Воздействующие на активность ферментов вещества могут связываться с активным и аллостерическим центрами фермента, а также вне этих центров. Частные примеры подобных явлений будут рассмотрены в главах 7- 19. Для обобщения некоторых закономерностей ингибирования активности ферментов следует указать, что эти явления в большинстве случаев сводятся к двум типам - обратимому и необратимому. В ходе обратимого ингибирования в молекулу фермента не вносится каких-либо изменений после его диссоциации с ингибитором. Примером служит действие аналогов субстрата , которые могут связываться с активным центром фермента, препятствуя взаимодействию фермента с истинным субстратом. Однако увеличение концентрации субстрата приводит к «вытеснению» ингибитора из активного центра, и скорость катализируемой реакции восстанавливается (конкурентное ингибирование ). Другой случай обратимого ингибирования представляет собой связывание ингибитора с простетической группой фермента, или апоферментом , вне активного центра. Например, взаимодействие ферментов с ионами тяжелых металлов, которые присоединяются к сульфгидрильным группам остатков аминокислот фермента, белок-белковые взаимодействия или ковалентая модификация фермента. Такое ингибирование активности называется неконкурентным .

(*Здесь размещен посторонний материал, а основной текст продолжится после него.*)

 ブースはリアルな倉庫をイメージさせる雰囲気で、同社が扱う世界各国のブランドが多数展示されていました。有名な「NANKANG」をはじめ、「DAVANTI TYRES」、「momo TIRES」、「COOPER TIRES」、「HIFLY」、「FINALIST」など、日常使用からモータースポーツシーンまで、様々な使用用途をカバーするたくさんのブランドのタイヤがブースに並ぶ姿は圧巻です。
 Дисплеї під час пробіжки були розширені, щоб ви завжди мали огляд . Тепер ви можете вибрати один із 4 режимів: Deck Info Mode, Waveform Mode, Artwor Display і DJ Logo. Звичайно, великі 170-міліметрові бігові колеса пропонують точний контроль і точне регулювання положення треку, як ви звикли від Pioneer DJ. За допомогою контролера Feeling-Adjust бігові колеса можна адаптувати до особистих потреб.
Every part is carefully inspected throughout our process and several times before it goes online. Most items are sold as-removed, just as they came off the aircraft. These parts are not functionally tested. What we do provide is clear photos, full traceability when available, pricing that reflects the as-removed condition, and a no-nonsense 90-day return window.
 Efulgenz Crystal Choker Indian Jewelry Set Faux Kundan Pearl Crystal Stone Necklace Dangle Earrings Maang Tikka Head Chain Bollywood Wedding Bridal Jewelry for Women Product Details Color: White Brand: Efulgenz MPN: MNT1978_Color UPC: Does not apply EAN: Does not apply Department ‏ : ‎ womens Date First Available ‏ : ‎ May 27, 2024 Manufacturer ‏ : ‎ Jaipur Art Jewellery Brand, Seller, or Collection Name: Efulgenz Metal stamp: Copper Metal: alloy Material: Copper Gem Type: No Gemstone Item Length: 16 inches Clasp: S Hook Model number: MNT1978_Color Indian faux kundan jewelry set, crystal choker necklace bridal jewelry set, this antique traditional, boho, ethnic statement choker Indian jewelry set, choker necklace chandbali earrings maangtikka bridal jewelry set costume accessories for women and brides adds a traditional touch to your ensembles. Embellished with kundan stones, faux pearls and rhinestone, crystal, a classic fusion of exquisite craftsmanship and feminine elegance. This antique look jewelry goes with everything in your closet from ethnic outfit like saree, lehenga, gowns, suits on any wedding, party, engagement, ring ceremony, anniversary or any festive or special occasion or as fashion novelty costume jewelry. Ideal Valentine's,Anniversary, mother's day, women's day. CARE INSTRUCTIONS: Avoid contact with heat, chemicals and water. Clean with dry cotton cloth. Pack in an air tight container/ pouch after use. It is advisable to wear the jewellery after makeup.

Необратимое ингибирование в большинстве случаев основано на связывании так называемых «суицидных субстратов » с активными центрами ферментов. При этом между субстратом и ферментом формируются ковалентные связи, которые расщепляются очень медленно и фермент долго не способен выполнять свою функцию. Примером «суицидного субстрата» служит антибиотик пенициллин (глава 18, рис. 18.1).
Поскольку для ферментов характерна специфичность действия, их классифицируют по типу реакции, подвергающейся катализу. Согласно принятой в настоящее время классификации, ферменты группируют в 6 классов:
1. Оксидоредуктазы (окислительно-восстановительные реакции).

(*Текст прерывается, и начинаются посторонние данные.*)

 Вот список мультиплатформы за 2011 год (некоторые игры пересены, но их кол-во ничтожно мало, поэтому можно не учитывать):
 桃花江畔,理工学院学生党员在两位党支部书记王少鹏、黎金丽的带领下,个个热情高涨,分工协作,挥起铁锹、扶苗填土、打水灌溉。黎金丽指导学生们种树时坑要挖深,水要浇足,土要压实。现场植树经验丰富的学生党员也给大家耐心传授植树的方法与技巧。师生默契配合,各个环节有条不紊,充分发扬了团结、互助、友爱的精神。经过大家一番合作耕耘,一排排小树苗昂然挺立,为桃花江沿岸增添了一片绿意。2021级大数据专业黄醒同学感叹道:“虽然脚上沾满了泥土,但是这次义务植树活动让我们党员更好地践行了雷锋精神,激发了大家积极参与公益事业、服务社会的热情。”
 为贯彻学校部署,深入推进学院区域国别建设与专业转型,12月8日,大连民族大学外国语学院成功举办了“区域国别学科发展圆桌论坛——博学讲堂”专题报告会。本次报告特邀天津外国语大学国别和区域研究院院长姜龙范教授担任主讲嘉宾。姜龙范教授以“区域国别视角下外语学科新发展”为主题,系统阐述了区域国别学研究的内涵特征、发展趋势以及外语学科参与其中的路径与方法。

2. Трансферазы (реакции переноса функциональных групп между субстратами).
3. Гидролазы (реакции гидролиза, акцептором переносимой группы является молекула воды).
4. Лиазы (реакции отщепления групп негидролитическим путем).
5. Изомеразы (реакции изомеризации).
6. Лигазы, или синтетазы (реакции синтеза за счет энергии расщепления нуклеозидтрифосфатов, чаще АТР).
Номер соответствующего класса фермента закреплен в его кодовой нумерации (шифре). Шифр фермента состоит из четырех разделенных точками чисел, обозначающих класс фермента, подкласс, подподкласс и порядковый номер в подподклассе.